La construcción de la iglesia finalizó en 1864. El 17 de marzo de 1865, poco
después de terminada la catedral original, el padre Petitjean vio a un
grupo de personas de pie enfrente de la catedral. Ellos le pidieron al
sacerdote que les abriese las puertas. A medida que el sacerdote se
arrodilló ante el altar, una mujer de edad mayor del grupo se le acercó y
le dijo:
"Tenemos el mismo sentimiento en nuestros corazones que usted. ¿Dónde está la imagen de la Virgen María?"

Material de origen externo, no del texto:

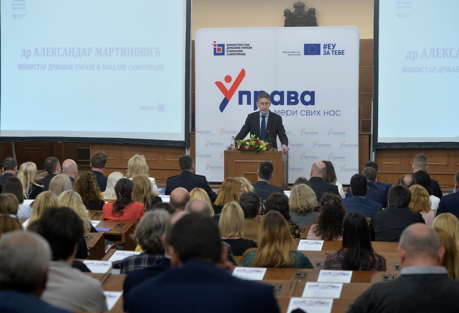 „Захваљујући труду који службеници улажу у развој личних и професионалних знања и вештина, из године у годину можемо да се похвалимо све ефикаснијим услугама које се пружају грађанима, али и импозантним бројевима. Само током прошле године више од 5,5 милиона грађана није морало у различитим поступцима да прилаже исправе о свом личном статусу, јер су их органи прибављали из Регистра матичних књига по службеној дужности. Исто тако, 448 службеника на пословима ажурирања јединственог бирачког списка донело је близу 960 хиљада решења на којима се заснивају промене у бирачком списку“, истакао је министар државне управе и локалне самоуправе др Александар Мартиновић.

El padre Petitjean descubrió que estas personas eran de la cercana aldea de Urakami y eran kakure kirishitans (cristianos ocultos), descendientes de los primeros japoneses cristianos que permanecieron ocultos posteriormente a la rebelión de Shimabara en 1638.
Una blanca estatua de mármol de la virgen María fue traída desde Francia y colocada en la iglesia para conmemorar este evento. El relieve de bronce que se conserva a día de hoy en el patio muestra la memorable escena del descubrimiento.
El 15 de mayo, una embarcación llena de cristianos llegó de una isla cercana. Los misioneros los hacen regresar (todavía estaba vigente la pena de muerte para los católicos): "Solo que se queden el catequista y el jefe". Los misioneros constatan, una vez tras otra que la fórmula empleada para bautizar era la misma que la suya... Por su parte, aquellos dos hombres examinaron a los misioneros. Preguntaron primero por el nombre del Gran Jefe del Reino de Roma. El padre Petitjean dijo que Pío IX... La segunda cuestión sobre la que se les examino fue directa: "¿Ustedes no tienen hijos?" Cuando los sacerdotes declararon que eran célibes, ellos se inclinaron pegando la frente al suelo, mientras exclamaban: "¡Ellos son vírgenes! ¡Gracias, gracias!".
En poco tiempo, decenas de miles de cristianos clandestinos por fin dejaron de ocultarse en la zona de Nagasaki. Las noticias de este acontecimiento llegaron al beato Pío IX, quien declaró esto como el milagro del oriente.
Tal vez, por eso, nos ha llegado siempre el relato unido. Precisamente, hace unos días, don José Francisco Fernández de la Cigoña recordaba en su blog como se popularizó la famosa anécdota: "Después de la matanza de Shimabara (1637), en que el cristianismo nipón se dio por erradicado, Japón cerró sus puertas a Occidente hasta mediados del siglo XIX. El 17 de marzo de 1865, uno de los primeros misioneros, el padre Bernard Petitjean, de las Misiones Extranjeras de París, recibió la visita de un grupo de personas que le hizo un examen consistente en tres preguntas: si él era célibe, si prestaba obediencia al Papa de Roma y si en su templo se rendía culto a la Virgen María. Al recibir respuestas afirmativas, Yuri, la portavoz del grupo, concluyó: -Nosotros y usted, padre, somos un solo corazón. Y el padre Petitjean descubrió con asombro que en Japón existía una Iglesia oculta que continuaba la del siglo XVI".
Al igual que tres siglos antes, en los primeros años del siglo XX Nagasaki volvió a ser la ciudad con más fuerte presencia católica en Japón.
En vísperas de la Segunda Guerra Mundial, dos de cada tres católicos
japoneses vivían en Nagasaki. Pero en 1945 sufrieron un nuevo y terrible
exterminio. Entre las víctimas de la bomba atómica de Nagasaki
desaparecieron en un día dos tercios de la pequeña pero vivaz comunidad
católica japonesa. Una comunidad casi desaparecida dos veces en tres
siglos. Esta vez no por una persecución, sino por la bomba atómica. Eso
sí, por mandato del presidente Harry Truman, miembro de la masonería.
Ese año, Truman fue nombrado 33 Soberano y Gran Inspector General además
de miembro honorario del consejo supremo en Washington D.C.